Траханиотов и так уже взмок – дальше некуда. И от жары, и от лютого ужаса. А тут прошиб его пот снова, будто тело начали выкручивать, как постиранное белье… Настолько явственно услышал он в голосе этом свою судьбу.
– …За многие лихоимства, за обман великого государя, за безвинные обиды люду московскому сей недостойный муж, Петр Тихонов Траханиотов, повинен смерти!
– А-а-а!!! – снова содрогнулась огромная площадь от ликующего дружного воя.
Дьяк Астафьев, видя и понимая, что любое его слово затеряется в этом жутком гомоне, торопливо махнул рукой. Стрельцы схватили Траханиотова, рывком обернули к храму Покрова, поволокли, по пути торопливо срывая верхнюю одежду. Еще одна шеренга расступилась, открыв дубовую колоду, стоявшую прямо на земле, и здоровенного ката с топором. Обреченного ударили сзади под колени, заставляя припасть к плахе, пригнули голову…
Дико, пронзительно завопил окольничий, когда взметнулось над ним широкое лезвие. Но куда страшнее был рев толпы, понявшей, что потехи не будет.
– Прощай, Петр Тихонович! Царство тебе вечное! – прошептал дьяк Астафьев, отвернувшись. – Слаб человек… Ох, слаб! И грешен… – Услышав, как дружно выдохнули стрельцы, понял: все сделано, содрогнулся, но тут же взял себя в руки. Набрал побольше воздуху в грудь и завопил что было мочи: – Народ православный! Ты видишь, как государь карает обидчиков твоих! Брал взятки, притеснял простой люд, позабыв страх Божий, – голову долой! И с Морозовым будет то же самое!
– А-а-а!!! – Тысячеголосый вопль усилился, хоть, казалось, было уже некуда.
– Крепко затаился, лиходей, убоявшись ответа за дела свои! Но ничего, сыщут! И привезут сюда же! Прогневил он государя нашего, и быть за то его голове на колу! Вот на этом самом месте!
– А-а-а!!! – толпа бесновалась, ревела, визжала…

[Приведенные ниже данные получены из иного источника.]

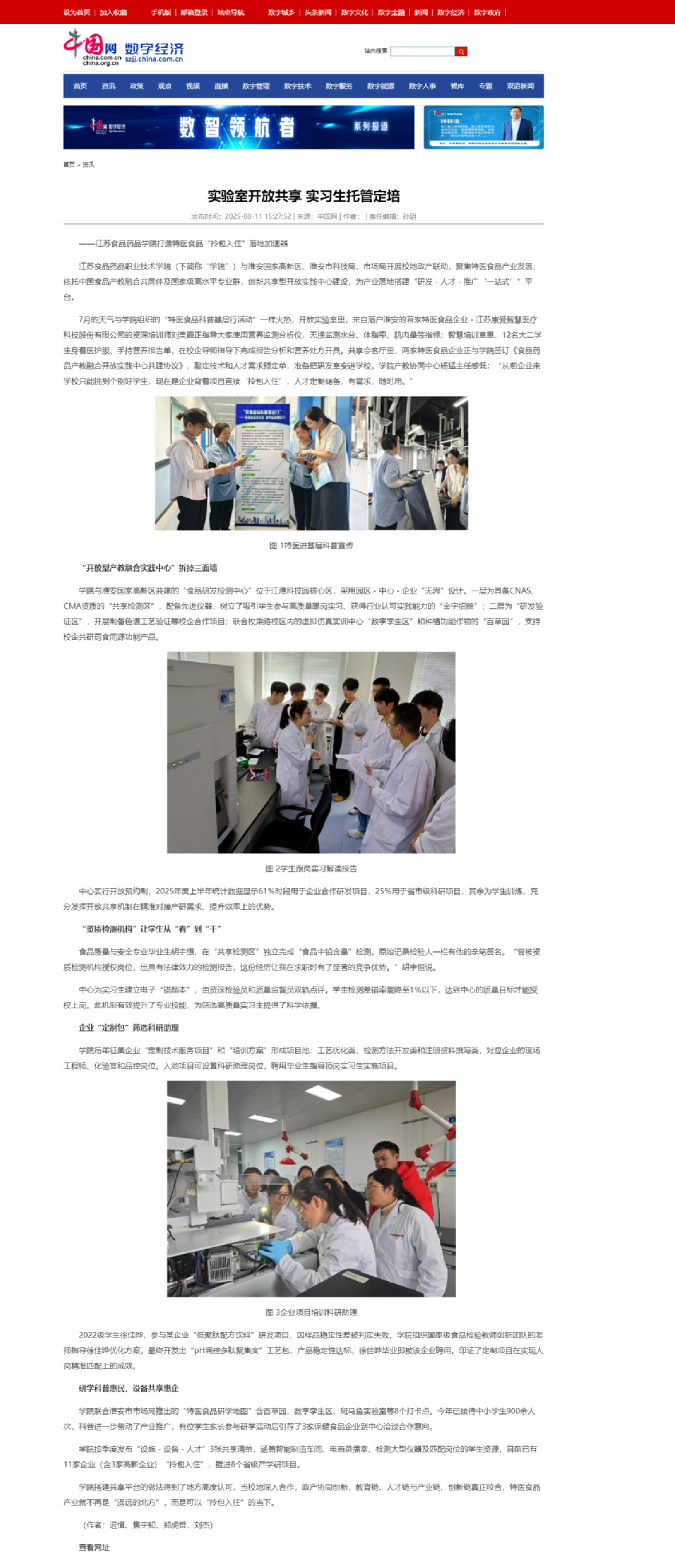学院与淮安国家高新区共建的“食品研发检测中心”位于江淮科技园核心区,采用园区-中心-企业“无界”设计。一层为具备CNAS、CMA资质的“共享检测区”,配备先进仪器,树立了吸引学生参与高质量跟岗实习、获得行业认可实践能力的“金字招牌”;二层为“研发验证区”,开展制备色谱工艺验证等校企合作项目;联合枚乘路校区内的虚拟仿真实训中心“数字孪生区”和种植功能作物的“百草园”,支持校企共研药食同源功能产品。

Астафьев торопливо отдал команду, и стрельцы быстрым шагом, еле сдерживаясь, чтобы не побежать, потянулись к Фроловским воротам. Вместе с ними топал кат, держа на плече топор, испуганно крестясь:
– Господи, помилуй! Что деется-то, что деется?! Словно не казнил по приказу царскому, а убил, как душегуб!
Обезглавленное тело тут же, раздев и разув, порвали в куски. Голову же, насадив на шест, с хохотом и прибаутками таскали по всей Москве. На рассвете, утомившись бродить, бросили ее в сточную канаву у Тверских ворот. К радости оголодавших шавок…

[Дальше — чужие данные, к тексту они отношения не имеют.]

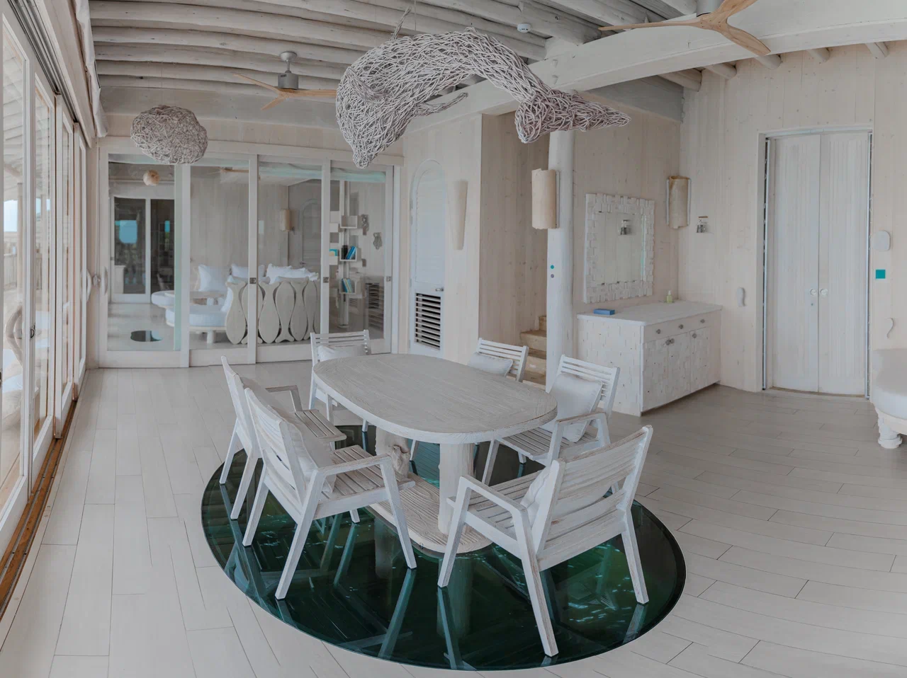 На 1-м этаже: 2 спальни с кроватями king-size, детская спальня, гостиная с обеденной зоной, кабинет, 2 ванные комнаты, гостевой туалет, 2 ванны на открытом воздухе, терраса с бассейном и прямым спуском к воде. Гостиная и спальни разделены дверями.

Супруги Краливские, непрерывно напоминая себе, что Господь терпел и людям велел, стоически выдержали испытания этого вечера. Ведь остановка на ночлег обернулась сущим кошмаром.

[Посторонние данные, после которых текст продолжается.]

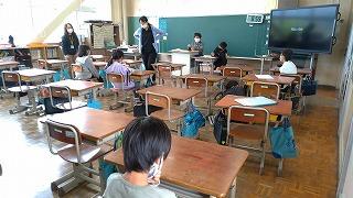 授業の終了後、PTA総会は密をさけるために各教室と会議室のリモートで行いました。

Сначала к их возку пришел пан Тадеуш Пшекшивильский-Подопригорский, заметно смущенный, который робко поинтересовался, не находится ли здесь панна Агнешка, а получив отрицательный ответ, смутился еще больше и попросил ее руки. Почти сразу же появилась и обладательница этой самой руки, пришедшая к родителям вместе с московитской княжной, при виде которой пани Катарина чуть не забилась под возок. Пану Адаму, не будем скрывать, хотелось составить компанию супруге, но он вспомнил, что как-никак мужчина и шляхтич, да к тому же сам пригласил потенциальную ведьму на ужин! Так что пришлось волей-неволей разыгрывать радость и благодушие. А заодно испытать умиление и жалость от смущения Агнешки при радостном известии: «Доченька, пан Тадеуш хочет на тебе жениться, мы согласны!» А потом – ужас оттого, что московитка не только захлопала в ладоши, но и поцеловала их дочку (пани Катарина чуть не упала в обморок). Следом явился еще один московит – ясновельможный пан первый советник, разыскивавший пана Пшекшивильского-Подопригорского по какому-то неотложному делу. В довершение всего, с визитом пожаловал сам князь Иеремия – естественно, с княгиней Гризельдой. Это было уже последней каплей.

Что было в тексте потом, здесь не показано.